President Jimmy Carter appointed her Director of OSHA, and she served through his administration, between 1977 and 1981. During her administration of OSHA notable regulatory activity included revised occupational lead exposure standard and promulgation of regulations on workers' "right to know" about workplace hazards. Her time as Director of OSHA was characterized by the removal of various regulations on miscellaneous items such as toilet seats and umbrellas. Instead, she strengthened safeguards on lead, benzene, cotton dust, and other chemical agents. She later served as Vice President and University Dean for Graduate Studies and Research at the University of Cincinnati (1982–1990), and as a distinguished professor of environmental health at the University of Cincinnati. After her time in the Carter administration, she continued working with state legislators, labor unions and consumer groups to implement safety regulations at the state and local levels, including consultation on the cleanup following the Exxon Valdez oil spill.

In recognition of her numerous accomplishments, she received honors and awards including:

- 2000 - David Platt Rall Award for Advocacy in Public Health, American Public Health Association
- 2000 - Ramazzini Award for Science and Policy, Collegium Ramazzini, Carpi, Italy
- 1999 - Mary O. Amdur Award, New York University.
- 1998 - Henry Smythe Jr., Toxicologist Award, American Academy of Industrial Hygiene.
- 1995 - American Industrial Hygiene Association's Hamilton Award.
- 1994 - William Steiger Award, American Conference of Governmental Industrial Hygienists.
- 1989 - Member, Institute of Medicine, National Academy of Sciences.
- 1989 - Jerry F. Stara Award, United States Environmental Protection Agency, Cincinnati, OH.
- 1984 - First Recipient of the William Lloyd Award for Occupational Safety, U.S. Steel Workers Union, Pittsburgh, PA.
- 1984 - Alice Hamilton Award, American Public Health Association.
- 1981 - Phil Hart Award, Urban Environment Conference, Washington, DC.
- 1981 - Doctor of Law (Honorary), College of Mount St.
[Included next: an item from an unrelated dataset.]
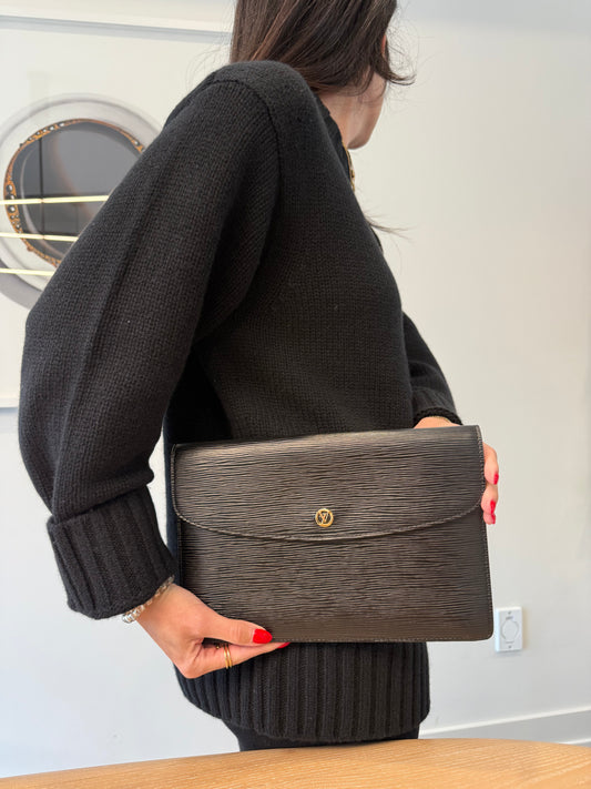 • Rare Louis Vuitton epi black / gold montaigne crossbody clutch in pristine condition fits phones wallets keys etc

Joseph, Cincinnati, OH.
- 1980 - Rockefeller Foundation Public Service Award, Washington, D.C.
- 1980 - Julia Jones Award, New York Lung Association, American Lung Association, New York, NY
- 1980 - Homer N. Calver Award, American Public Health Association, Detroit, MI.
- 1979 - Doctor of Sciences (Honorary), Eastern Kentucky University, Richmond, KY.

== Personal life ==
She died on June 13, 2020, at the age of 90.